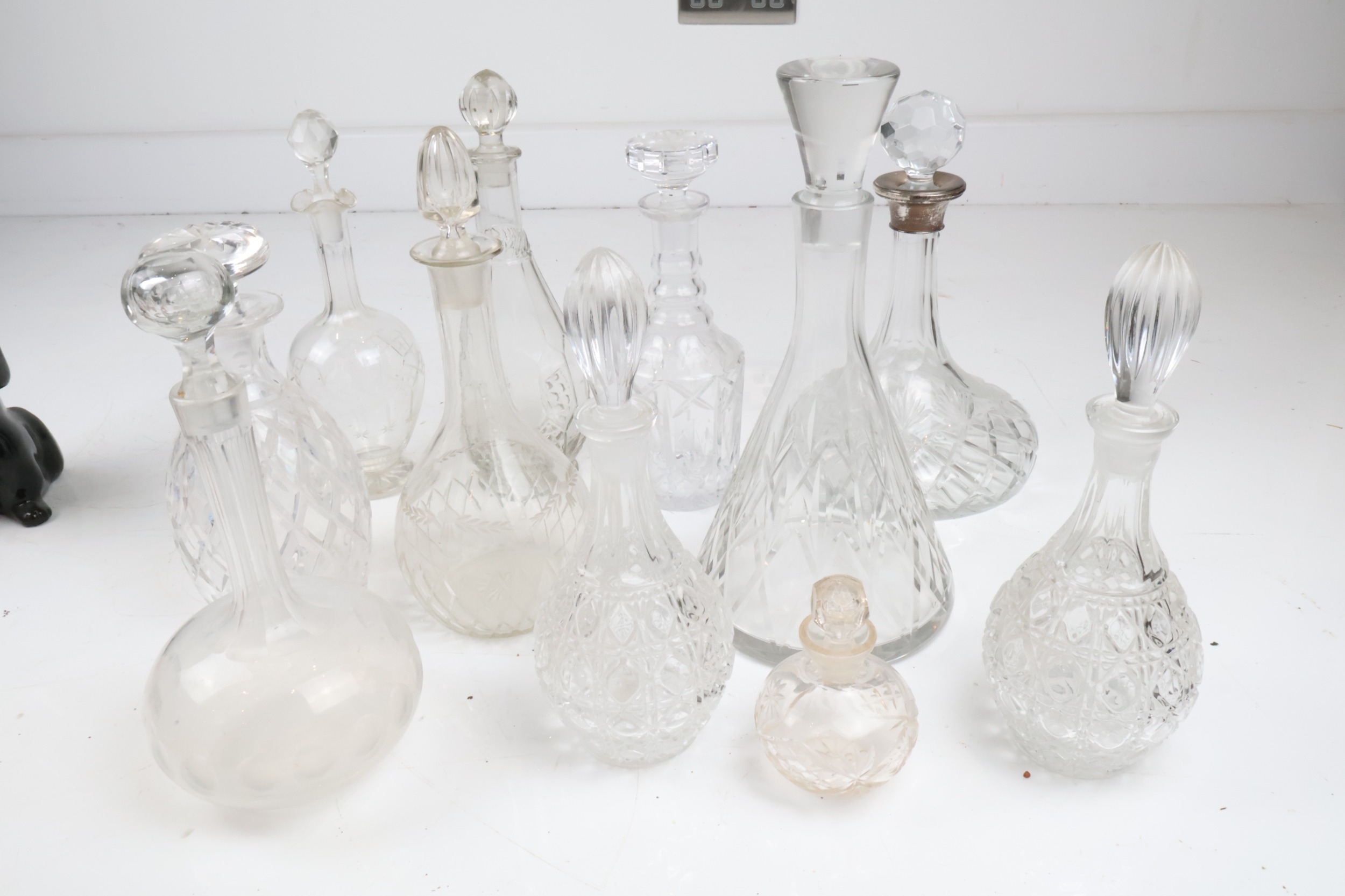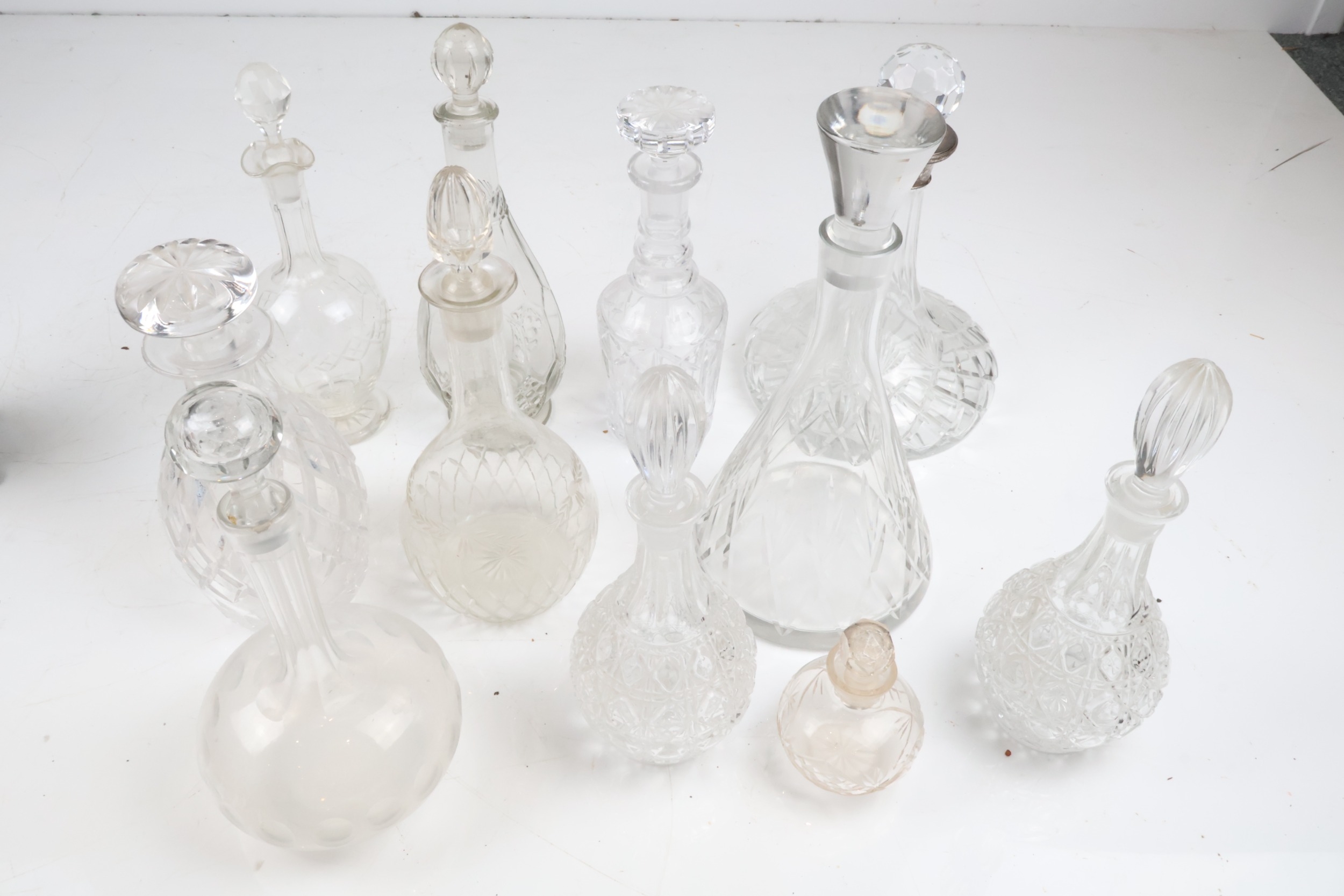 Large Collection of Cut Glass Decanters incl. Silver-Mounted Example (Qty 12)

----

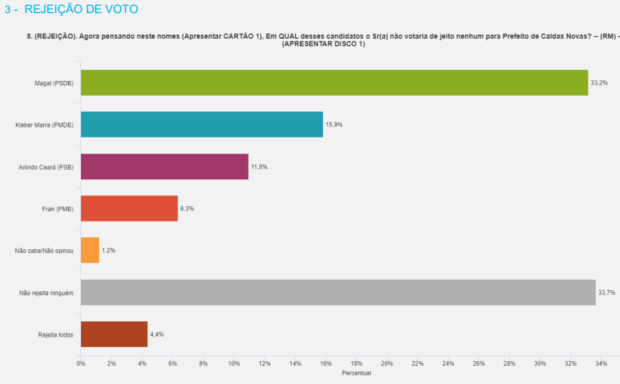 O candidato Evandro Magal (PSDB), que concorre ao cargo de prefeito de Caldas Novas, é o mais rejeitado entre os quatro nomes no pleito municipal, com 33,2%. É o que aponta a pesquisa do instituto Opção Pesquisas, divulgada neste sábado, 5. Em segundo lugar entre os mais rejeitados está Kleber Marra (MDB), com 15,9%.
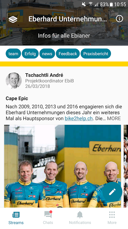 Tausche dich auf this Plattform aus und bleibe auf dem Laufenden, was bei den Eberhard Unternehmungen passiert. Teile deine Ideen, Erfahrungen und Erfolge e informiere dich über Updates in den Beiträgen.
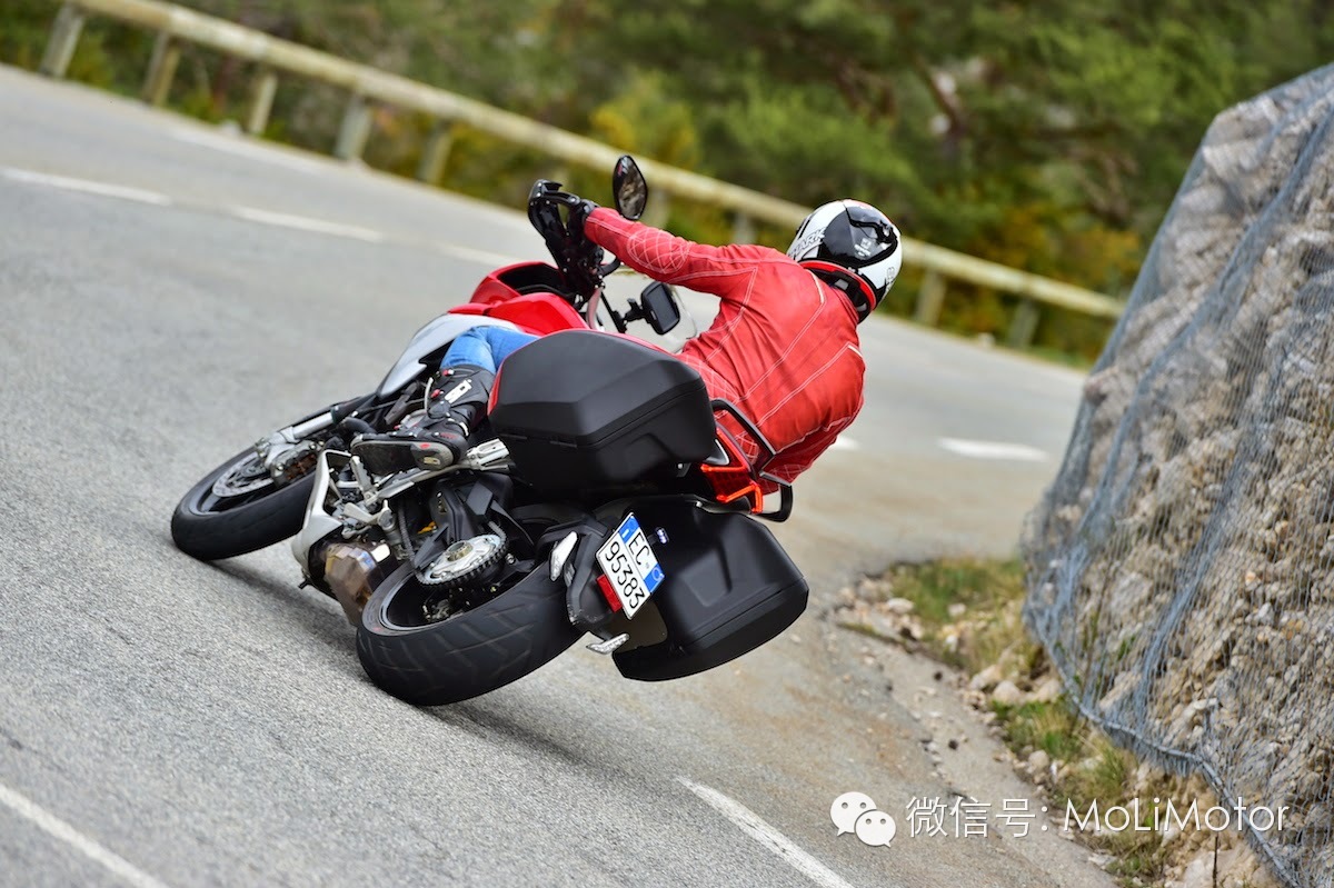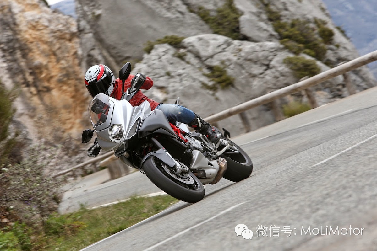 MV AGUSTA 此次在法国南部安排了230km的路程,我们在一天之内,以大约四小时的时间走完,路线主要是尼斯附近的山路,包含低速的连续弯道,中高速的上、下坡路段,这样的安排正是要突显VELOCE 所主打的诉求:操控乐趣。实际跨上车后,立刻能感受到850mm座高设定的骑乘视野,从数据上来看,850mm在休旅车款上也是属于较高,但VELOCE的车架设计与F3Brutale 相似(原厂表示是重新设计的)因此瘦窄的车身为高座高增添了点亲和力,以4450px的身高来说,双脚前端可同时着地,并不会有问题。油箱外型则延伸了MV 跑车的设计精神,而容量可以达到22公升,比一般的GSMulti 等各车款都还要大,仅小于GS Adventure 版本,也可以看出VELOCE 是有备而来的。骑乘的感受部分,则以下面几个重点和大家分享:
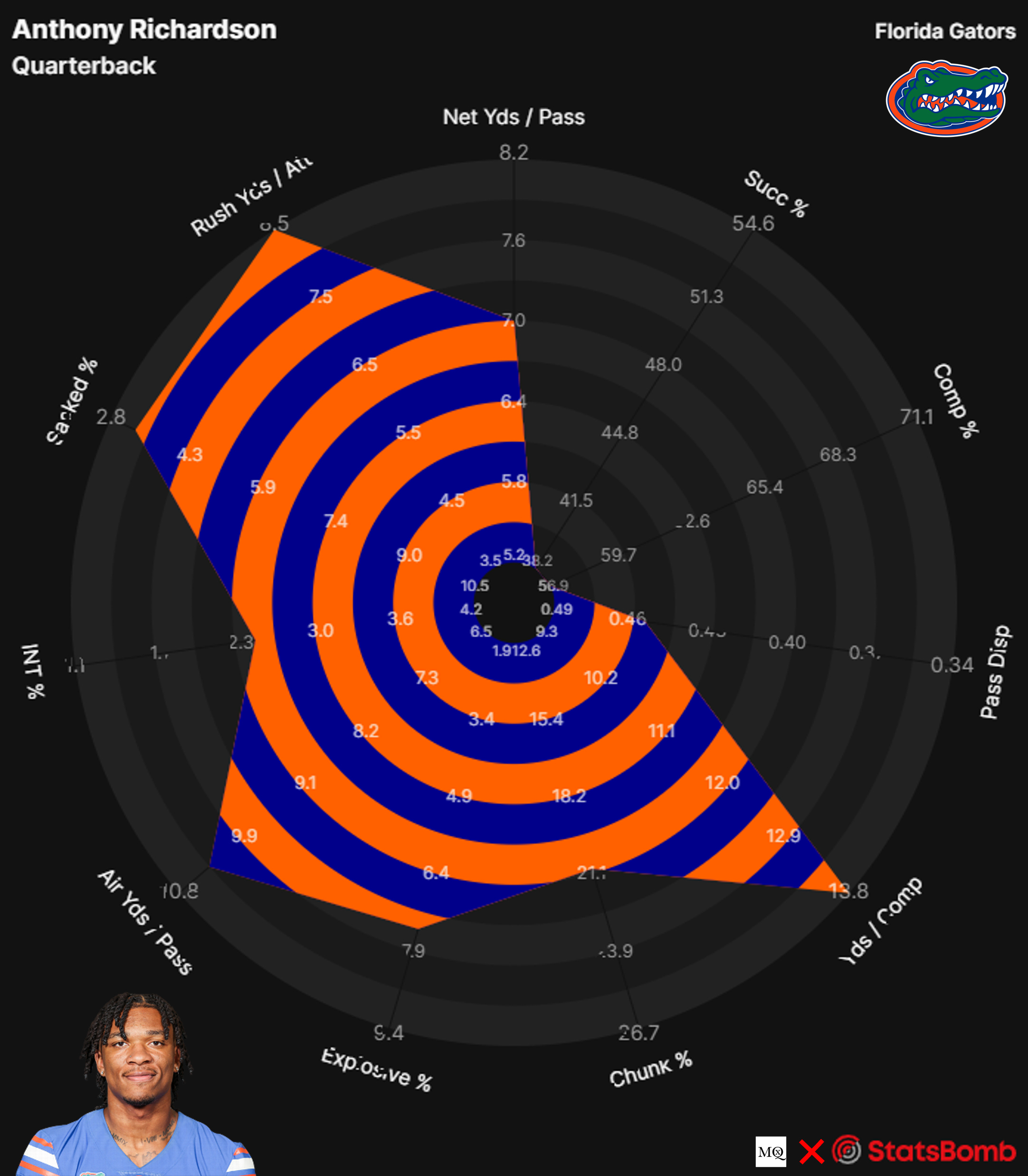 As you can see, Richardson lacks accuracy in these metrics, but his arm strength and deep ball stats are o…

----

» What is needed
Within the listing above, the lines from the one with "跑车的设计精神,而容量可以达到22公升,比一般的GSMulti 等各车款都还要大,仅小于GS Adventure" through the one with "As you can see, Richardson" are to be given again word for word. Do not include pictures.

» Answer space
 MV AGUSTA 此次在法国南部安排了230km的路程,我们在一天之内,以大约四小时的时间走完,路线主要是尼斯附近的山路,包含低速的连续弯道,中高速的上、下坡路段,这样的安排正是要突显VELOCE 所主打的诉求:操控乐趣。实际跨上车后,立刻能感受到850mm座高设定的骑乘视野,从数据上来看,850mm在休旅车款上也是属于较高,但VELOCE的车架设计与F3Brutale 相似(原厂表示是重新设计的)因此瘦窄的车身为高座高增添了点亲和力,以4450px的身高来说,双脚前端可同时着地,并不会有问题。油箱外型则延伸了MV 跑车的设计精神,而容量可以达到22公升,比一般的GSMulti 等各车款都还要大,仅小于GS Adventure 版本,也可以看出VELOCE 是有备而来的。骑乘的感受部分,则以下面几个重点和大家分享:
 As you can see, Richardson lacks accuracy in these metrics, but his arm strength and deep ball stats are o…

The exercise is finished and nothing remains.